What all Christian churches have in common is the worship of God and the worship of Jesus. And I guess you could say that all of these churches are all under one umbrella that we could call “Christianity.”

Maybe you have noticed that everyone who knows Jesus, who knows God, has their own unique way to look at their religion and their understanding of God. There are as many ideas about God as there are people. It is just the way humans are – each one unique. Here’s something to consider:

“In reality, every human being defines religion in the terms of his own experiential interpretation of the divine impulses emanating from the God spirit that indwells him, and therefore must such an interpretation be unique and wholly different from the religious philosophy of all other human beings.” The Urantia Book, (1129.8) 103:1.1

Organizing believers into churches or congregations has been happening for centuries and after Jesus came here to our world that process became very intense as people tried to make sense of Jesus and what his visitation here really meant. Thus, many churches sprang up, trying to bring all believers into one fold. As we see, that has not worked very well. Like you, many wonder why there are so many churches; many wonder which church is the “true church?” And so, we find one we like and we attend services, but down the street, there is another church who also claims to be the true church.

You do not mention whether you have discovered The Urantia Book (which is the focus of our website), but I hope that you have, or that you are willing to give it a look. In The Urantia Book, we discover a great deal of information about Christianity … how it began, how it was unified in its early days, and how it became split into denomonations and sects over the centuries since Jesus. Much of this was due to the shocking nature of Jesus death, and a misunderstanding about what Jesus really wanted us to do after he went back to the Father.

In spite of the many, many Christian churches in the world, when we read the Life and Teachings of Jesus in the Urantia Book, we discover that Jesus was not a Christian, nor did he come here to earth to establish a church full of rules and dogma.
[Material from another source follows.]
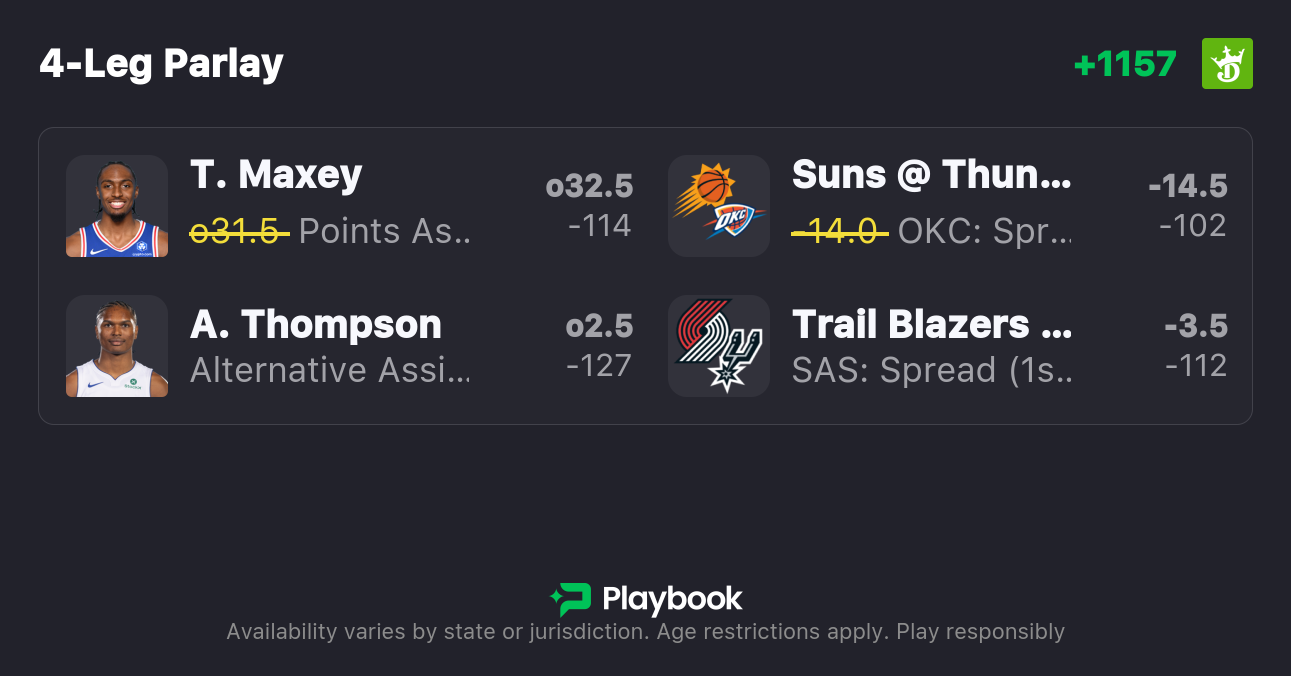 Specific betting recommendations come from the sportsbook offering preferred odds as of writing. Always shop for the best price using our NBA Odds page, which automatically surfaces the best lines for every game. | ||

Jesus came instead, to establish the kingdom of Heaven in the hearts of mankind. Once a believer has entered this spiritual kingdom, that person then is guided with the highest kind of authority for deciding right from wrong, and good from evil. And that is the authority of God himself, who indwells the minds of every human being. Since Pentecost, no longer is the membership in any particular church required to activiate the believer’s personal relationsip with God, or the believer’s fellowship with Jesus’ promised Comforter.
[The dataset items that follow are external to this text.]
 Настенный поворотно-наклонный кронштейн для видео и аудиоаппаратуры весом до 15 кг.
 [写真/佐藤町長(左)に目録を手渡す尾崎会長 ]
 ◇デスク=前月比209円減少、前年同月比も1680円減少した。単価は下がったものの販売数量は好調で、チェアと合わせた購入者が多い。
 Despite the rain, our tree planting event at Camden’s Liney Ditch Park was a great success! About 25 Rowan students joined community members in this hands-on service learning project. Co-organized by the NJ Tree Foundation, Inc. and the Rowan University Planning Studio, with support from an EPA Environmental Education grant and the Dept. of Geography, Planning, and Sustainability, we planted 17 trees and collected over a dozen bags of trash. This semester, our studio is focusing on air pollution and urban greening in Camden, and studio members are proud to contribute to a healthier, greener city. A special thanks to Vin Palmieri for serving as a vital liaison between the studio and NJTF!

Whe Jesus was here, he himself practiced a particular religion. He was raised as a Jewish boy, but his mission to our world was to demonstrate this personal connection of man with God in daily life, and his religion was characterized by personal spiritual experience with God – not by attendance at church or by the intercession of a priest or a minister. With the religion of Jesus, mankind is delivered from the need of any person who stands between the believer and God. And this is the religion OF Jesus, not the religion ABOUT Jesus.
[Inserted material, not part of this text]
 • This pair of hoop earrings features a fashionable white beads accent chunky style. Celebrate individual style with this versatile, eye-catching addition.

However, churches ARE good…different religions are good if they help bring man to God, but it is easy to see that they are not unified. Nonetheless, there is a unifying experience that CAN bring all churches together and that is Jesus’ religion of personal spiritual experience. Once the world becomes aware of this religion, a church can become a place of spiritual fellowship and divine worship that is born of this unity of experience – not from church dogma or a set of rules to live by.

It may be quite a long time before our world becomes able to have a common experience of God that is shared in different churches. Until then, it’s a good thing to go to a church that appeals to your Spirit, to meet with other believers, to share the experiences we have with God, and to love and serve one another as the Master taught us to do.